Records from a dataset =>
┄┄┄┄┄┄

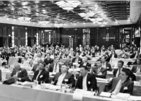
Vorträge zu den aktuellen Entwicklungen der Private Equity-Branche begeisterten unsere Teilnehmer.
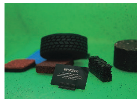
Collares y zapatillas son muestras de la transformación realizada por SIGNUS
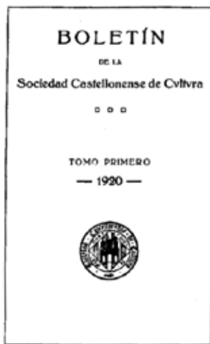
▲ Primer bolletí de la Societat Castellonenca de Cultura (1920)
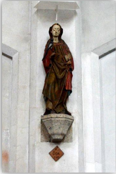
beeltenis H. Oda

* U beklimt de toren van de St. Petrus' Banden Kerk. Op weg naar boven bezoekt u verschillende presentatieruimtes waar u meer leert over de toren en zijn geschiedenis. Boven aangekomen komt u ogen te kort: hier hangt het prachtige carillon met liefst vijftig klokken én u heeft een fantastisch uitzicht over het centrum van Venray en (bij helder weer) over tientallen kilometers in de omgeving.
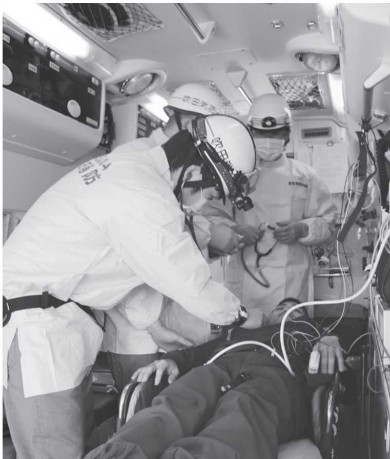
人命を預かる救急隊（救急車内での模擬訓練）

そのほか、消防救急隊の増隊に向け、消防職員の定数を変更する、職員定数条例改正案など、市長から提出された35件の議案はすべて可決しました。
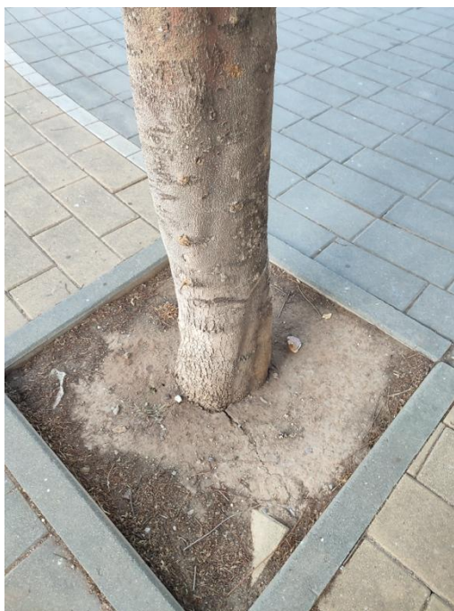
Imágenes del ejemplar con id 40495
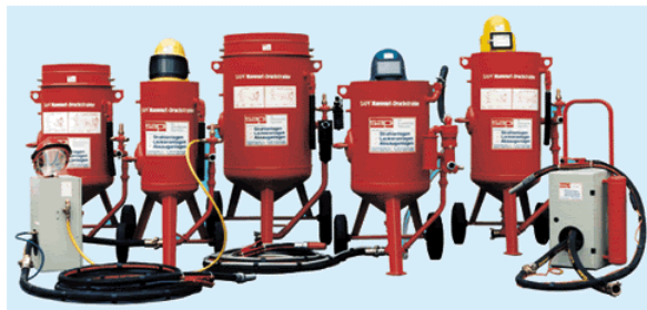
SAPI „VARIO“ Niederdruck – Schonstrahlgeräte in verschiedenen Größen und technischen Ausstattungen.

Die Druckstrahl - Geräte gibt es in den unterschiedlichsten technischen Ausstattungen und Größen je nach Einsatz- und Anwendungsgebieten. Die Schonstrahlgeräte finden ihren Einsatz bei kleinen Restaurierungsarbeiten bis hin zur großflächigen Fassadenreinigung. Hier haben sich die Strahlgerätegrößen von 18, 28, 60 und 100 ltr. bewährt. Außerdem verfügen die Geräte über modernste sichere Abschalttechniken, die es in pneumatischer als auch in elektropneumatischer Ausführung gibt. Alle Druckstrahl-Geräte sind TÜV – zertifiziert und gewährleisten somit höchste technische Standards und Sicherheit für den Anwender.
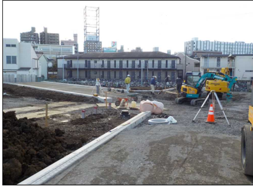
区12-1号線と区6-8号線の整備状況
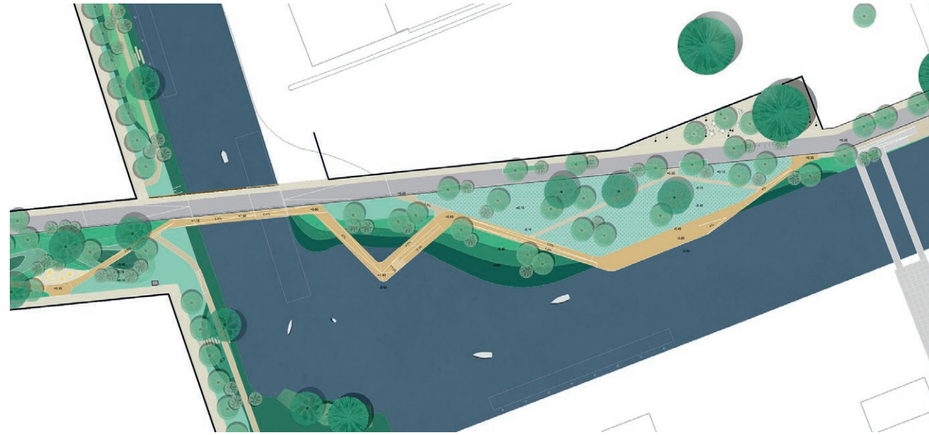
De Suikerbrug en de groene Suikerkade met boardwalk

Vanuit de binnenstad fiets of loop je via de nieuwe Suikerbrug (voorlopige naam) over het Hoendiep naar De Suikerzijde. Een echte blikvanger wordt de 'boardwalk': langs het Hoendiep komt een prachtig breed houten wandelpad met veel groen, lekkere zitplekken en mooie uitzichtpunten aan de natuurlijke oevers van het Hoendiep. De oevers bieden tevens veel ruimte aan plant en dier.
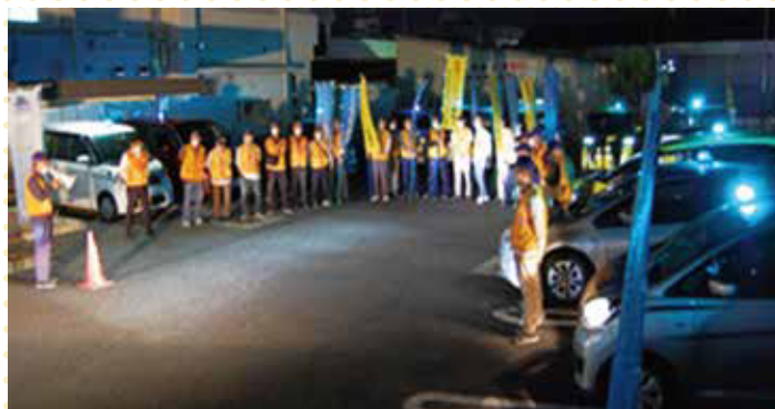
青パトの一斉出発式(9月30日 睦合南公民館)

安心・安全なまち会議は、12自治会長をはじめ、3小中学校長、自治会防犯部長など41人で組織。当地区の青色回転灯装備車両青パトは28台を有し、市内15地区で最大の所有台数を誇っています。この充実した体制の中で、学校と連携した地域の安心・安全な取り組みの推進役となっています。

┄┄┄┄┄┄

Return every line in the records that includes the string "Größen".

SOLVED PROBLEM =>
SAPI „VARIO“ Niederdruck – Schonstrahlgeräte in verschiedenen Größen und technischen Ausstattungen.
Die Druckstrahl - Geräte gibt es in den unterschiedlichsten technischen Ausstattungen und Größen je nach Einsatz- und Anwendungsgebieten. Die Schonstrahlgeräte finden ihren Einsatz bei kleinen Restaurierungsarbeiten bis hin zur großflächigen Fassadenreinigung. Hier haben sich die Strahlgerätegrößen von 18, 28, 60 und 100 ltr. bewährt. Außerdem verfügen die Geräte über modernste sichere Abschalttechniken, die es in pneumatischer als auch in elektropneumatischer Ausführung gibt. Alle Druckstrahl-Geräte sind TÜV – zertifiziert und gewährleisten somit höchste technische Standards und Sicherheit für den Anwender.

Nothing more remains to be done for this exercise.